Peking Duck is traditionally roasted in either a closed oven or hung oven. The closed oven is built of brick and fitted with metal griddles (Chinese: 箅子; pinyin: bì zi). The oven is preheated by burning Gaoliang sorghum straw (Chinese: 秫秸; pinyin: shú jiē) at the base. The duck is placed in the oven immediately after the fire burns out, allowing the meat to be slowly cooked through the convection of heat within the oven.
The hung oven was developed in the imperial kitchens during the Qing Dynasty and adopted by the Quanjude restaurant chain. It is designed to roast up to 20 ducks at the same time with an open fire fueled by hardwood from peach or pear trees. The ducks are hung on hooks above the fire and roasted at a temperature of 270 °C (525 °F) for 30–40 minutes. While the ducks are cooking, the chef may use a pole to dangle each duck closer to the fire for 30 second intervals. Almost every part of a duck can be cooked. The Quanjude Restaurant even served their customers the "All Duck Banquet" in which they cooked the bones of ducks with vegetables.
The cooked Peking Duck is traditionally carved in front of the diners and served in three stages. First, the skin is served dipped in sugar and garlic sauce. The meat is then served with steamed pancakes (simplified Chinese: 春饼; traditional Chinese: 春餅; pinyin: chūn bǐng), spring onions and sweet bean sauce. Several vegetable dishes are provided to accompany the meat, typically cucumber sticks. The diners spread sauce, and optionally sugar, over the pancake. The pancake is wrapped around the meat with the vegetables and eaten by hand. The remaining fat, meat and bones may be made into a broth, served as is, or the meat chopped up and stir fried with sweet bean sauce. Otherwise, they are packed up to be taken home by the customers.
Whole Peking Ducks can be ordered as takeaways. The ducks can be reheated at home with an oven, grill or boiling oil. When an oven is used, the duck is heated at a temperature of 150 °C (300 °F) for 20 minutes, and then at 160 °C (325 °F) for another 10 minutes. The grilling method involves filling the duck with boiling water before placing it on a griddle, 70 cm (28 in) above the cooking fire. The boiling water is replaced every 3–4 minutes until the duck's skin is piping hot. To reheat the Peking Duck with oil, the duck is sliced into thin pieces and placed in a strainer held over a wok of boiling oil. The duck is then rinsed several times with the oil.

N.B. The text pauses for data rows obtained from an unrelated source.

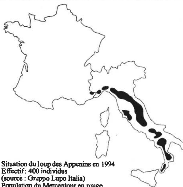
Situation du loup des Apennins en 1994 Effectif : 400 individus Population du Mercantour en rouge.
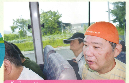
どこい 何処に行くのかな?ワクワク!
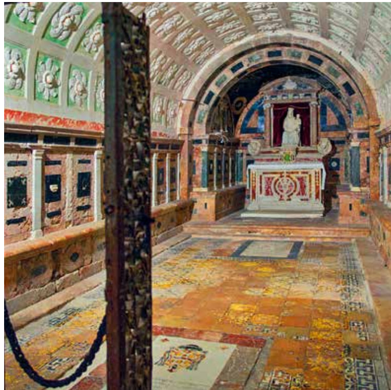
Blick in die beeindruckende Krypta

Unter den wichtigsten und größten normannischen Gebäuden Kalabriens ist die Kathedrale von Gerace, auch bekannt als die Basilika Santa Maria Assunta. Ein architektonisches Juwel in einem kleinen mittelalterlichen Dorf. Gerace wurde im 10. Jahrhundert von den Überlebenden des alten Locri Epizephyrii gegründet, die vor den Überfällen der Sarazenen flohen. Mehr dazu erfahren wir im
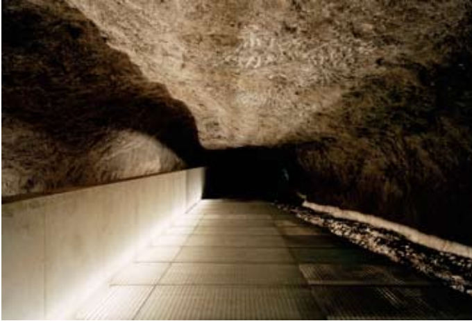
Saline von Bex (Waadt)

Folgende gewürdigte Projekte werden in der Ausstellung und einer Begleitpublikation der Schweizer Fachzeitschrift TEC21 präsentiert:
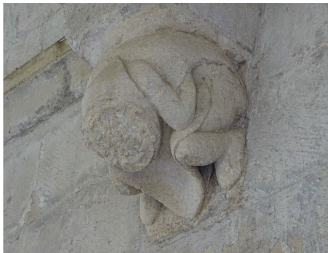
03. Console du cloître, CMN

Il est très important de noter que toutes ces créatures font partie de l'œuvre du Créateur et servent à montrer que l'on est en train de franchir les limites. Elles polarisent les peurs de l'homme : angoisse de voir son intégrité corporelle remise en cause à chaque naissance en raison de l'action « déformante » du péché, effroi devant le châtement divin qui viendra inmanquablement en résulter, crainte de voir l'équilibre social s'effondrer, frayeur de dépasser le cadre rassurant du monde habité.
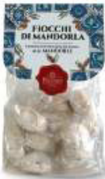
PASTE DI MANDORLA FIOCCHI DI MANDORLA 250 g
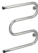
«М-образный» (с полками и без)
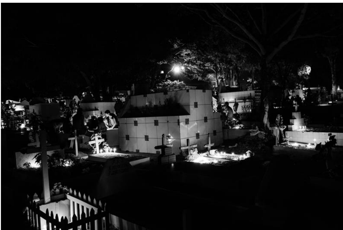
Figura 28 - Alguns túmulos iluminados ao final da noite
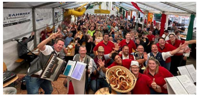
Eure Musikkapelle Höfendorf

Ab 14.30 Uhr lockte die Plettenbergstammtischmuseg mit ihrem Programm die letzten Musikermuffel aus ihren Reserven. Wir danken allen Helfern, Kuchenbäcker und Sponsoren sowie unseren Besuchern unseres Festes und freuen uns jetzt schon auf eine Fortsetzung im Jahr 2025.
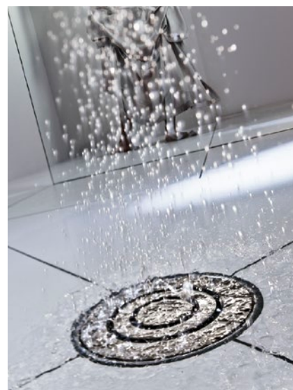
Abb.2: Bodengleiche Duschen bieten dem Nutzer höchsten Komfort – und sichern dem SHK-Handwerk steigende Umsätze. Um eine Durchfeuchtung des Estrichs zuverlässig zu verhindern, ist die Einbindung über eine Verbundabdichtung gemäß ZDB-Leitfaden der sicherste Weg.

Verbundabdichtungen sind in Kombination mit Punkt- oder Linienentwässerung in bodengleichen Duschen problemlos und sicher, wenn nur wenige Grundsätze beachtet werden (Abb.4). Denn damit
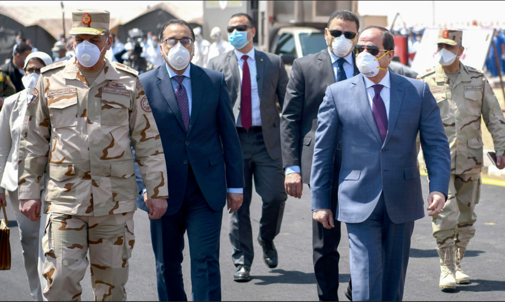
السيسي خلال تفقده قاعدة عسكرية شرق القاهرة
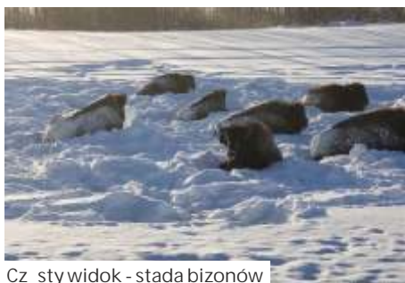
Cz sty widok - stada bizonów

- Zało enie ła cuchów na obie osie i na przyczep zajmowało mi rednio pół godziny. A do czasu, gdy na Alasce, stoj c na poboczu blisko lasu, poczułem na plecach wzrok wilków, które obserwowały mnie zza krzaków. Uporałem si wtedy z robot błyskawicznie, w 10 minut.
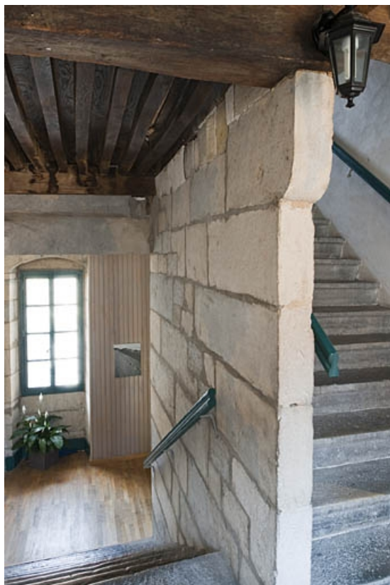
Intérieur : escalier principal en pierre, dernière volée.

25, Besançon, 3bis, 5 rue des Granges, lieudit : îlot Carmélites

A number of restaurants in Beijing specialise in Peking Duck. Examples include Quanjude, Bianyifang, Changan Yihao (長安一號), Beijing Xiaowangfu (北京小王府) and Dadong Kaoyadian (大董烤鴨店). Some restaurants, in particular Quanjude and Bianyifang, have long histories of serving high quality duck that they are now household names, or Lao zihao (老字號), literally "old brand name". In addition, Quanjude has received worldwide recognition, having been named a China Renowned Trademark in 1999. Duck Chang's Restaurant, established in 1975 in Virginia, USA, was the first Chinese restaurant to prepare and serve Peking Duck without a 24-hour advanced notice.